اَللَّهُمَّ عَافِنِي فيِ بَدَنِي، اَللَّهُمَّ عَافِنيِ فيِ سَمْعيِ، اَللَّهُمَّ عَافِنيِ فيِ
بَصَرِي، لاَ إِلَهَ إِلاَّ أَنْتَ. اَللَّهُمَّ إِنِّي أَعُوذُ بِكَ مِنَ الْكُفْرِ وَالْفَقْرِ، وَأَعُوذُ بِكَ مِنْ عَذَابِ الْقَبْرِ، لاَ إِلَهَ إِلاَ أَنْتَ
(üç kere)
okunuşu: Allahumme aafinii fiibedenii Allahumme aafinii fiisemi Allahumme aafini fii basarii laa ilahe illaa ent.Allahumme innii euuzubike minelkufri velfagr ve euuzubike min azaabilgabr laa ilahe illaa ent.
anlamı; “Allahım! Bedenime âfiyet ver. Allahım!Kulağıma âfiyet ver. Allahım! Gözüme âfiyet ver. Senden başka hakkıyla ibâdete lâyık hiçbir ilah yoktur. Allahım! Küfürden ve fakirlikten sana sığınırım. Kabir azabından sana sığınırım. Senden başka hakkıyla ibâdete lâyık hiçbir ilah yoktur.”
Ebu Dâvud (4/324), Ahmed (5/42), Nesâi, Amelu’l-Yevmi ve’l-Leyle (h.22), İbn-i es-Sünnî (h.69), Buhâri Edebu’l-Müfred. Allâme Abdulaziz b. Baz, isnadın hasen mertebesinde olduğunu söyler; Bkz.

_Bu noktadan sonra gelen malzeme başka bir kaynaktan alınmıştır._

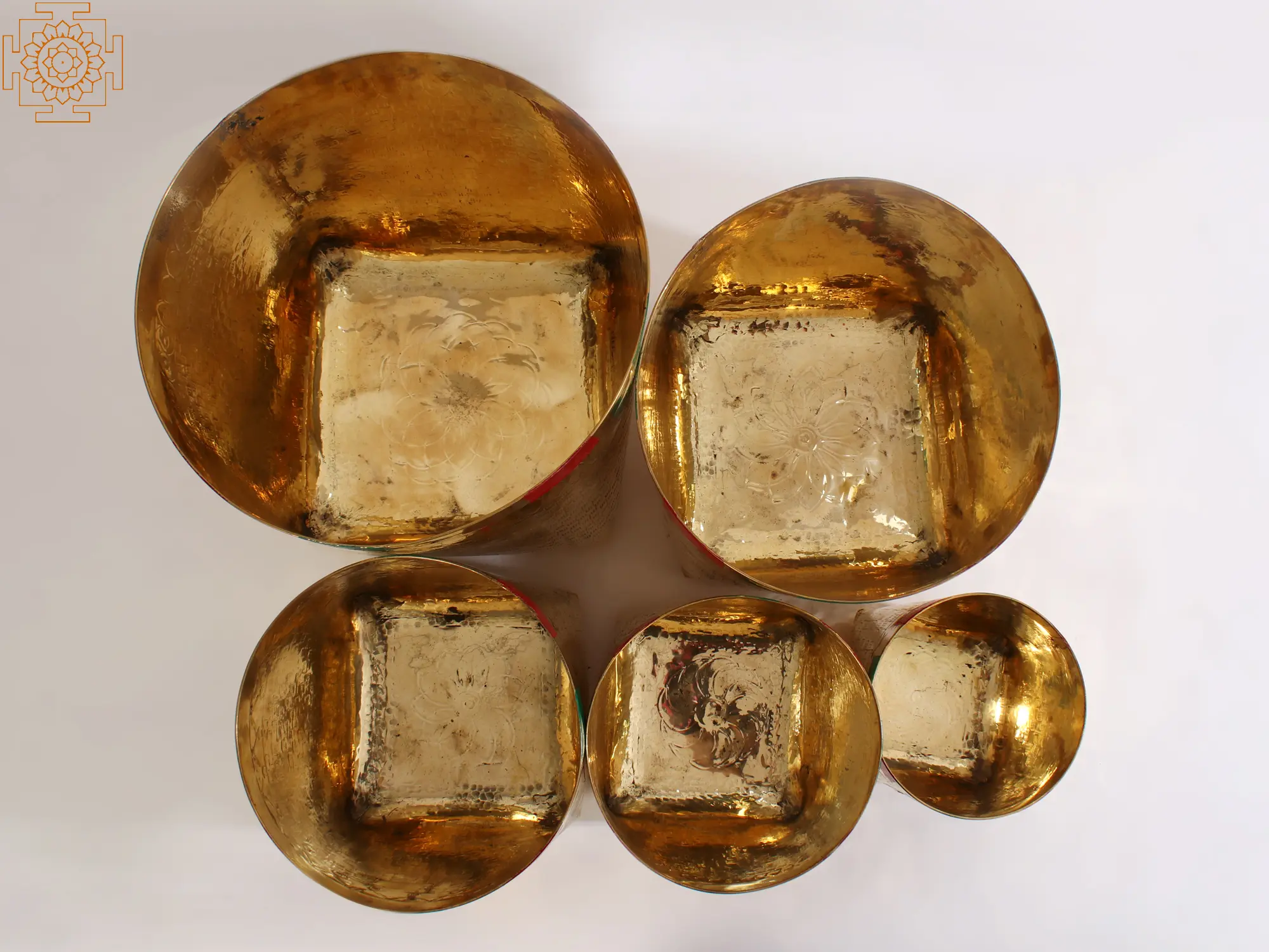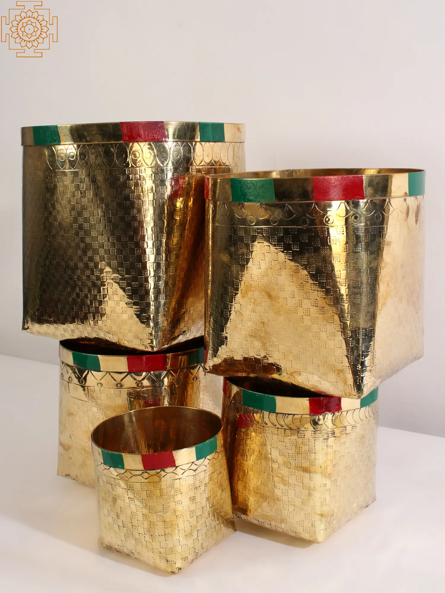 This Traditional Basket for Temple made in Brass comprises a collection of five meticulously crafted brass baskets designed to resemble traditional bamboo baskets. These ornate pieces of religious art feature square-shaped bases and wide-mouthed openings. The baskets are adorned with vibrant red and green paint, adding a splash of color and cultural significance. Primarily intended for use in temple settings, these brass baskets hold immense symbolic value in various religious ceremonies and offerings. They serve as vessels to present offerings to deities, symbolizing devotion, and cultural traditions. These sets embody the fusion of aesthetics, spirituality, and craftsmanship, enhancing the sacred ambiance within temples.

Tuhfetu’l-Ahyar (s.26).
Resulullah efendimize duaların efdali hangisi diye sorulduğunda "Allahü teâlâdan afiyet isteyin. İmandan sonra, afiyetten büyük nimet yoktur" buyurmuştur. (Hadîs-i şerîf-Müsned-i Ahmed bin Hanbel)
Hadislerde nimetlerin en hayırlısı olarak nitelendirilen Afiyet; sözlükte "sıhhat ve selamette olma, musibet, bela ve felaketten uzak kalma" ve özellikle "vücut sağlığı" manalarina gelmektedir. Afiyet;
☆dinin ve itikadın bid'atlerden, ☆amelin ve ibadetin afetlerden, ☆nefsin şehvetlerden,
☆kalbin heva ve vesveseden ve ☆bedenin hastalıklardan selamet bulması, kurtulması demektir.
Afiyet dinde istikamettir. Salihlerle arkadaşlık etmek, sohbetlerinden faydalanmak, nafile ibadetlere muvaffak olmaktır. Afiyet kalbin Allahu Teala'nın zikrinde karar kılması ve bir an ondan gafil olmamasıdır.
Sıhhat ve afiyet içinde olmayı istemenin bir de kulluk hayatına bakan yönü vardır. Mü'min için sıhhat ve afiyet, ibadetlerini tam yerine getirebilme adına Allah'ın ona verdiği önemli birer nimettir.